AI Hallucination Fact-Check Protocol
Design a fact-checking protocol for AI-generated text, extending SIFT with AI-specific adaptations for hallucination detection. Use when students need to verify AI claims and citations.
What it does
Generates a fact-checking protocol specifically adapted for AI-generated text — extending the SIFT framework (Caulfield, 2019) with AI-specific moves that address the unique challenge of LLM hallucination. Standard lateral reading assumes a source has an institutional author whose funding and credibility can be investigated. This assumption breaks down for AI-generated text: there is no author to investigate, no institutional funding to check, no About Us page to scrutinise. What remains is the "Trace claims" move — and that move needs AI-specific calibration. AI hallucinations come in several forms: fabricated citations (a named study that does not exist, or exists but was never published), invented statistics (a number with plausible precision but no verifiable origin), real citations misattributed (a real paper attributed to the wrong author or journal), and false consensus claims ("most scientists agree" when no such consensus exists). Each requires a different verification move. The output includes a taxonomy of hallucination types for the subject area, an AI-adapted SIFT protocol, specific verification moves for each claim type, a Hallucination Hunt classroom activity, and a teacher modelling script showing the difference between finding a real and a fabricated citation.
The evidence behind it
Wineburg & McGrew (2017, 2019) established through empirical research that professional fact-checkers outperform both students and professors at source evaluation because they use lateral reading — immediately opening new tabs to check what external sources say about a source — rather than vertical reading (analysing the source itself for credibility cues). This research is the foundation of the SIFT framework. However, lateral reading was designed for sources with institutional identities that can be investigated. When the "source" is an LLM, the Investigate step of SIFT requires adaptation: there is no institutional identity, no funding chain, no editorial board. What survives from lateral reading is the "Trace claims" move — verifying that cited evidence exists and says what the AI claims. Caulfield's (2019) SIFT operationalisation provides the structural framework extended here. Breakstone et al. (2021) found that students are poorly equipped to evaluate online sources, relying on surface credibility markers — a vulnerability dramatically amplified by AI outputs that are fluent and authoritative-sounding. Ji et al. (2023) conducted a systematic survey of hallucination in natural language generation, documenting the prevalence and types of hallucination in LLMs: intrinsic hallucinations (contradicting source material), extrinsic hallucinations (adding unverifiable or fabricated information), and factual inconsistencies. Their taxonomy directly informs the hallucination categories in this protocol.
Sources
- Wineburg & McGrew (2017) — Lateral reading: reading less and learning more when evaluating digital information
- Wineburg & McGrew (2019) — Lateral reading and the nature of expertise
- Caulfield (2019) — SIFT: the four moves (Stop, Investigate, Find better coverage, Trace claims)

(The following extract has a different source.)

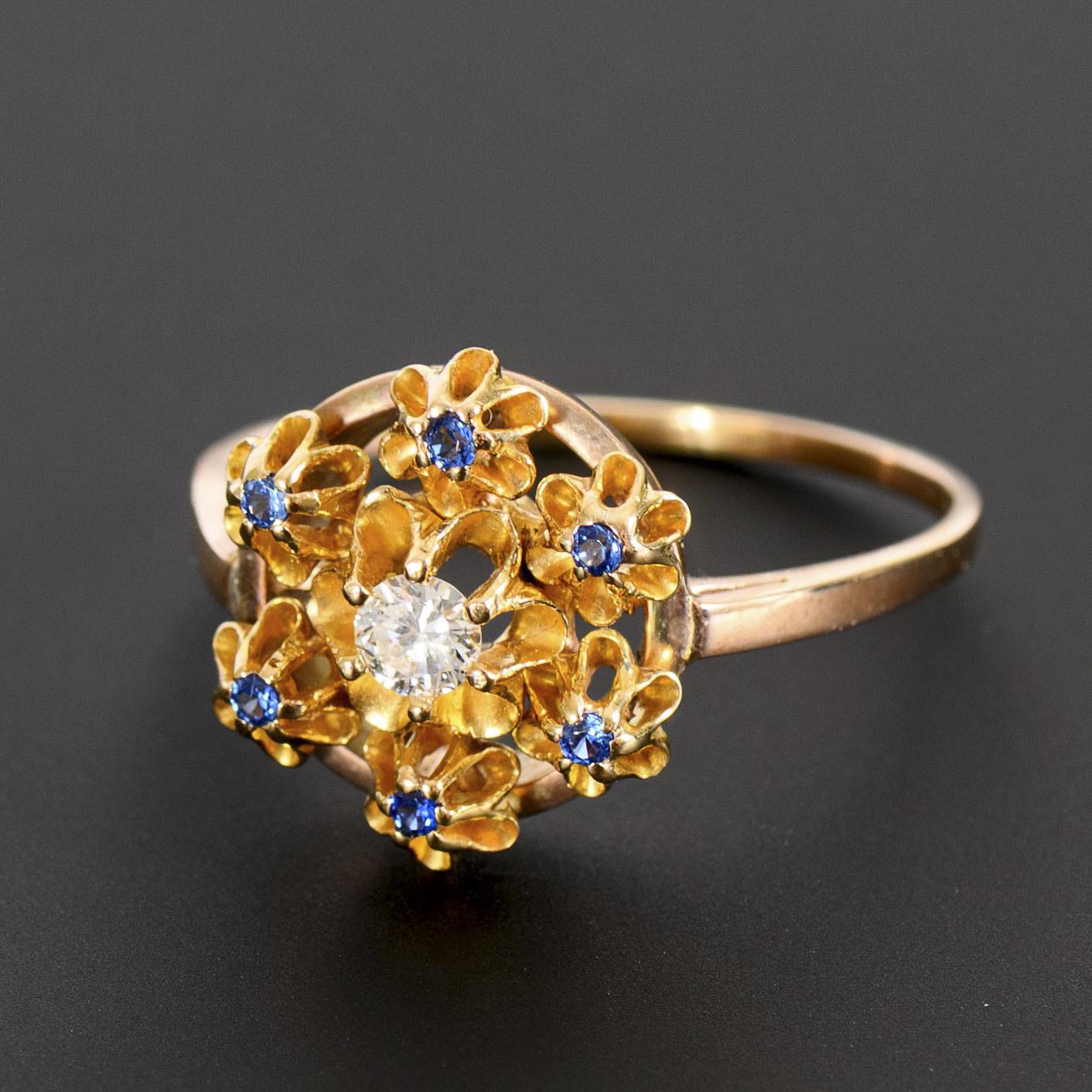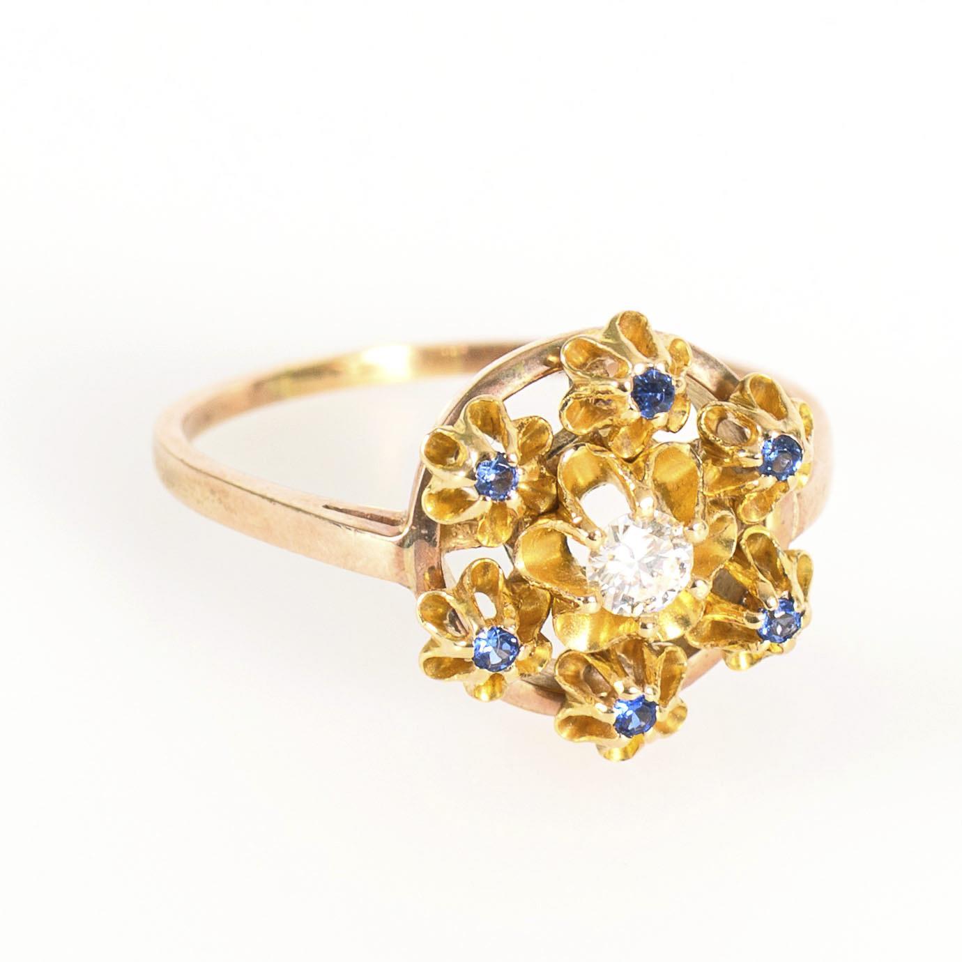Ring with hexagonal ring head, set with 6 small, blue colored stones in a raised flower setting, surrounding a larger brilliant-cut diamond in a similar setting. With traces of an earlier ring shank enlargement on the underside.

- Breakstone et al. (2021) — Students' civic online reasoning: a national portrait
- Ji et al. (2023) — Survey of hallucination in natural language generation
How to use it in your lesson
For the best results with EvidenceLesson, give it:
- ai_output_context — The type of AI-generated content students are fact-checking — e.g. 'ChatGPT explanation of the French Revolution with cited historian names', 'AI research summary with statistics about teen mental health'
- student_level — Age/year group and digital literacy level
- subject_area (optional) — The discipline — affects what hallucination types are most common and how to verify claims
- hallucination_risk (optional) — The specific hallucination type most likely in this context — citation fabrication, statistical invention, event misattribution, false consensus claims
- verification_resources (optional) — What verification tools students have access to — library databases, Google Scholar, specific trusted websites
- ai_tool (optional) — Which AI tool students are fact-checking output from
Known limitations
- Verification requires time and database access. The full verification protocol — finding a study, checking the abstract, verifying the claim — takes 3-5 minutes per citation. In an essay-writing context, students may verify one or two key claims but cannot verify every AI statement. This skill teaches the verification habit, not the expectation of exhaustive fact-checking.

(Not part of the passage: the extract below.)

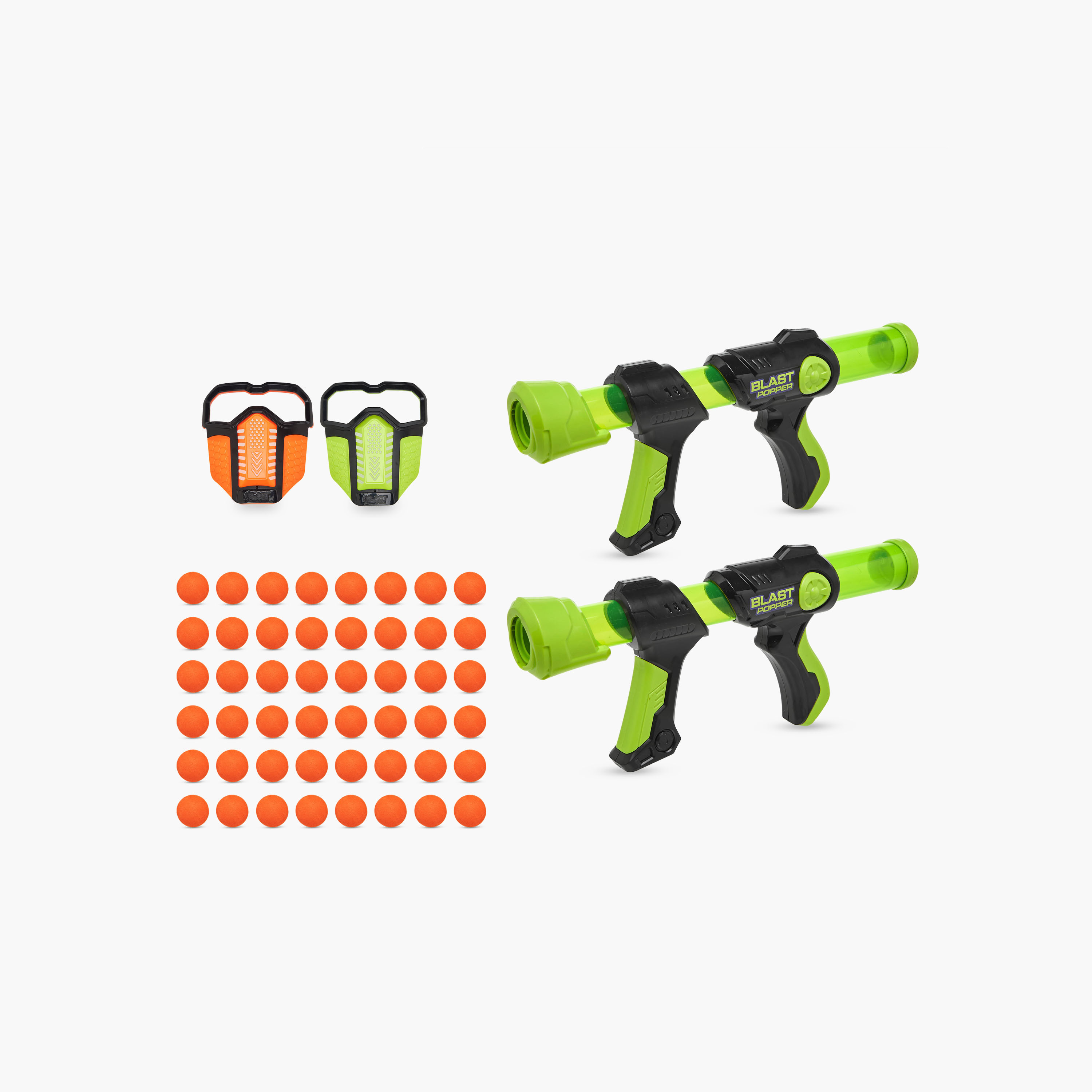 Engage in thrilling play with this exciting set, designed for dynamic outdoor adventures. This set includes two vibrant popper blasters, providing double the fun for children. The easy-to-use pump action mechanism allows for rapid firing, ensuring continuous entertainment. Perfect for youngsters, this toy blaster set encourages imaginative play and improves hand-eye coordination. An accompanying protective mask is included, ensuring safety during play.

- Some hallucinations are genuinely hard to detect. A real paper by a real author, published in a real journal, correctly summarised but slightly out of date or from a different population — this requires reading the methods section, not just confirming the paper exists. Students with limited academic reading skills may not reach this level of verification independently.
- LLM hallucination rates vary by model and topic. Ji et al. (2023) documented hallucination across multiple models; rates vary significantly by task type and subject domain. Hallucination is less common in well-represented domains (recent high-profile science, mainstream political history) and more common in niche topics, cutting-edge research, and specialised sub-fields. Teachers should calibrate expectations accordingly.
- AI-specific applications of lateral reading have limited direct empirical validation. The lateral reading / SIFT evidence base (Wineburg & McGrew, 2017, 2019; Caulfield, 2019) is strong for general source evaluation. The AI-specific adaptations in this protocol are principled extensions of that evidence base, not independently validated interventions. The "source reconstruction" move is logically sound but has not been formally tested in educational research.